Engineering Probability and Statistics – University of Tehran – Department of Electrical & Computer Engineering
This repository contains Statistical Learning and Probabilistic Classification, a Python and Jupyter Notebook implementation of numerical computing exercises, Condorcet-style majority-vote analysis, and Naive Bayes spam-email classification. This project was developed as the Computer Assignment Zero for the Engineering Probability and Statistics course at the University of Tehran.
The project follows a complete experimental pipeline, including assignment inspection, deterministic NumPy validation, probability-based majority-vote modeling, dataset loading, text preprocessing, Bag-of-Words feature extraction, Naive Bayes training, evaluation, visualization, and final analysis.
- ✅ Implement foundational NumPy operations for array construction, indexing, reshaping, vectorization, and normalization.
- ✅ Analyze binary majority voting using posterior probability, exact binomial computation, Monte Carlo simulation, and heatmap visualization.
- ✅ Build a leakage-free spam-email classification pipeline using train-only Bag-of-Words vectorization.
- ✅ Apply Laplace smoothing and log-likelihood prediction for a Multinomial Naive Bayes classifier.
- ✅ Compare the effect of stop-word removal on held-out test accuracy.
The NumPy section validates helper functions in src/numpy_basic.py. It covers scalar counting, array mutation, slice indexing, integer-array indexing, one-hot encoding, reshape-based layout transformation, batched matrix multiplication, row-wise minimum replacement, and sample-standard-deviation column normalization.
The majority-vote notebook computes the posterior probability that the observed majority option is correct for the five assignment scenarios.
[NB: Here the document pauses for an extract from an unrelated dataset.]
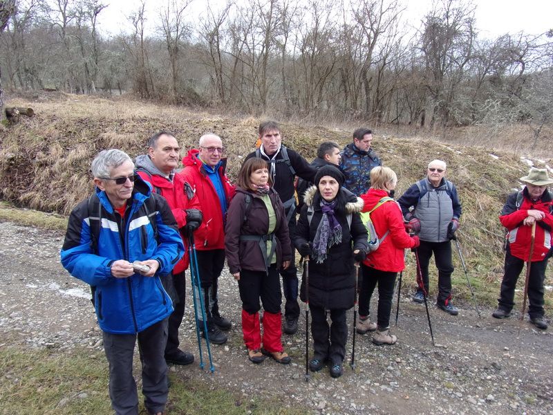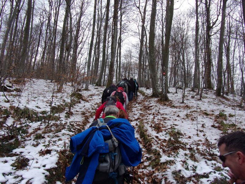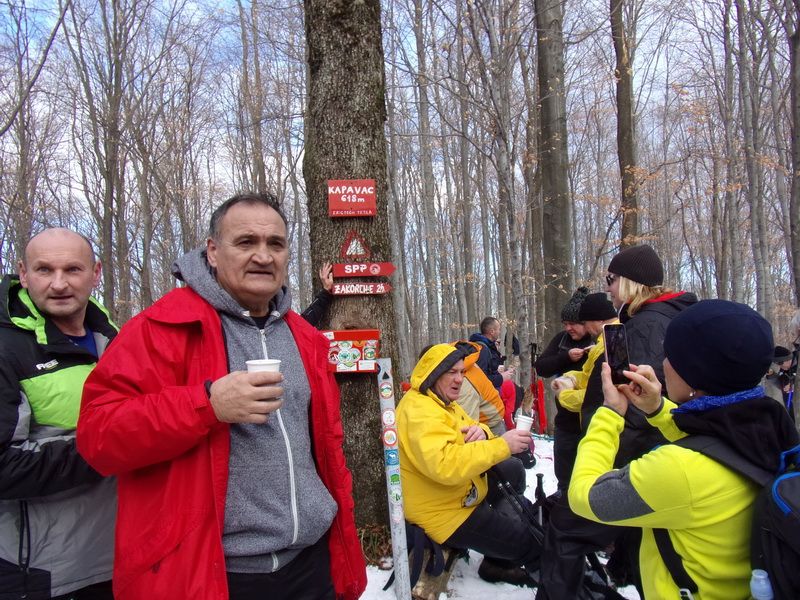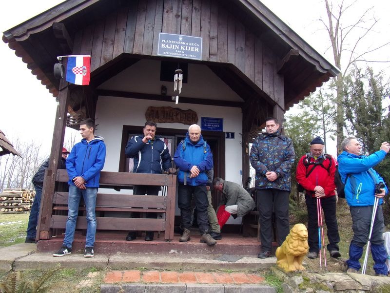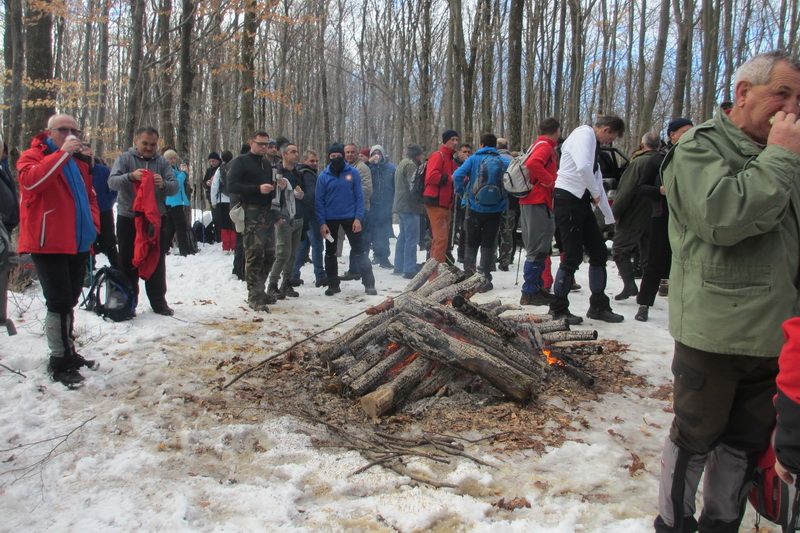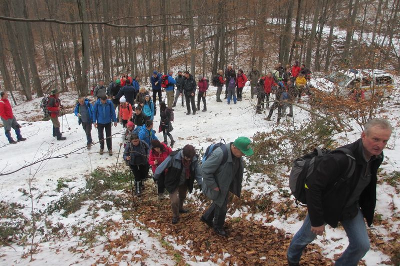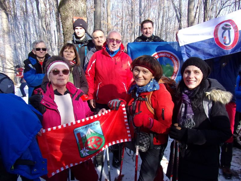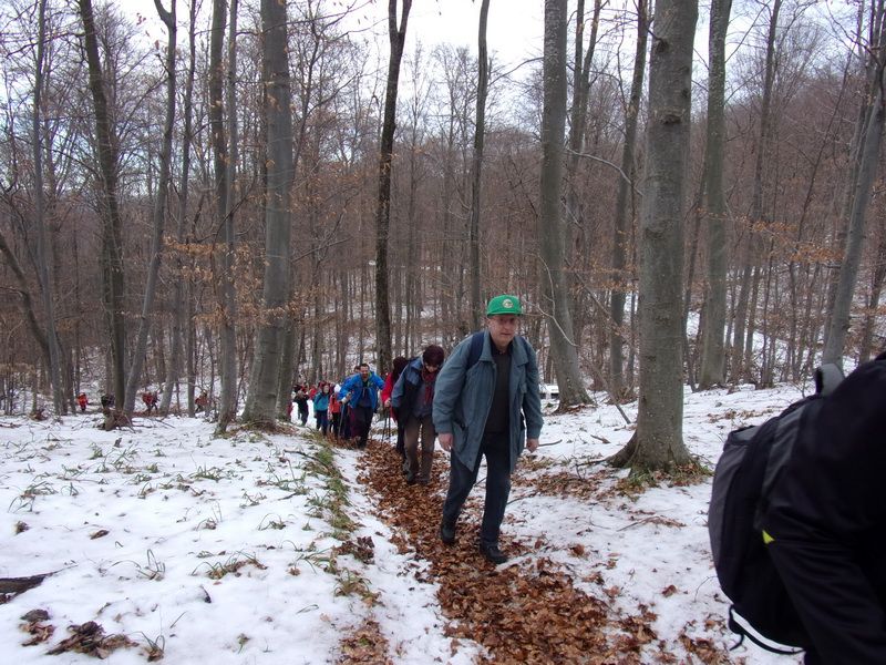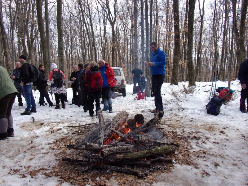 Nakon pozdravne riječi ispred male, lijepo uređene planinarske kuće „Bajin kijer“ u 9,20 sati planinari su u dugoj koloni krenuli na stazu. Vrijeme je bilo u početku oblačno, ali ugodno –primjereno dobu godine. Staza vodi sjevernim obroncima Požeške gore u početku travnata i bez snijega, a kako se krenulo u više predjele, snijeg je postajao sve dublji , a zimska idila sve ljepša. Bilo je puno ugodnih susreta s prijateljima iz drugih društava i u veselom raspoloženju za nešto više od dva sata bili su svi na vrhu. Pojavilo se i sunce i ovdje je uslijedio odmor. Dočekala nas je velika vatra na čistini i topli napitci koje su nam priredili u dogovoru s domaćinima članovi Udruge „Sveti Blaž“ iz obližnjeg sela Tisovac, iz prve susjedne općine Staro Petrovo selo. Nakon ugodnog druženja, fotografiranja sa zastavama kod točke vrha i okrijepe, uslijedio je povratak lakšom stazom. Na početku silaska, kao i na vrhu, bilo je najviše snijega, koji je blistao obasjan sunčevim zrakama, a pogled je bio prelijep i sezao sve do vrha Papuka i jednim dijelom na Psunj.

It also compares exact majority-vote accuracy with Monte Carlo simulation for 12 voters and visualizes the effect of individual accuracy p and voter count n.
The spam-detection notebook loads data/emails.csv, normalizes email text with a deterministic regex tokenizer, performs a stratified train/test split, and fits CountVectorizer only on the training data to avoid test-set vocabulary leakage.
A custom Multinomial Naive Bayes implementation estimates P(y) and P(x_i | y) from the training matrix. The classifier uses Laplace smoothing and log-likelihood prediction, then cross-checks its accuracy against sklearn.naive_bayes.MultinomialNB.
The project is organized as follows:
Statistical-Learning-and-Probabilistic-Classification/
├── data/ # Assignment dataset for spam-email classification
│ └── emails.csv
├── docs/ # Original assignment specification
│ └── assignment-specification.pdf
├── notebooks/ # Standardized executable Jupyter notebooks
│ ├── 01_numpy_basic.ipynb
│ ├── 02_majority_vote.ipynb
│ └── 03_spam_email_detection.ipynb
├── src/ # Reusable Python helper functions
│ ├── __init__.py
│ └── numpy_basic.py
├── tests/ # Pytest validation for NumPy helper functions
│ └── test_numpy_basic.py
├── .gitignore # Git ignore rules
├── Makefile # Convenience commands for setup and testing
├── README.md # Project documentation
└── requirements.txt # Python dependencies
Create a virtual environment and install the required packages:
python -m venv .venv
source .venv/bin/activate
pip install -r requirements.txtLaunch the notebooks:
jupyter notebook notebooksRun the NumPy helper-function tests:
make testThe NumPy validation notebook passes all deterministic checks for the implemented helper functions.
For the majority-vote scenarios, the posterior probabilities of a correct majority decision are:
| Scenario | Individual Accuracy p |
Votes for 1 |
Votes for 0 |
P(majority correct) |
|---|---|---|---|---|
| 1 | 0.7 | 8 | 4 | 0.9674 |
| 2 | 0.7 | 10 | 2 | 0.9989 |
| 3 | 0.3 | 8 | 4 | 0.0326 |
| 4 | 0.5 | 9 | 3 | 0.5000 |
| 5 | 0.5 | 5 | 7 | 0.5000 |
For 12 voters, exact 100% majority-vote accuracy occurs only at p = 1.0; at least 99% majority-vote accuracy starts at p = 0.9 on the assignment grid.
For spam-email detection, the final custom Naive Bayes classifier achieved 97.47% accuracy on the stratified held-out test set. The confusion matrix was:
[[846 26]
[ 3 271]]
Removing English stop words produced 97.29% accuracy, a slight decrease on this dataset under the same split and vocabulary size.
The original assignment PDF is retained in docs/. The dataset is included in data/ because it was part of the submitted assignment archive. No license file is included because the assignment specification and dataset provenance are course-specific.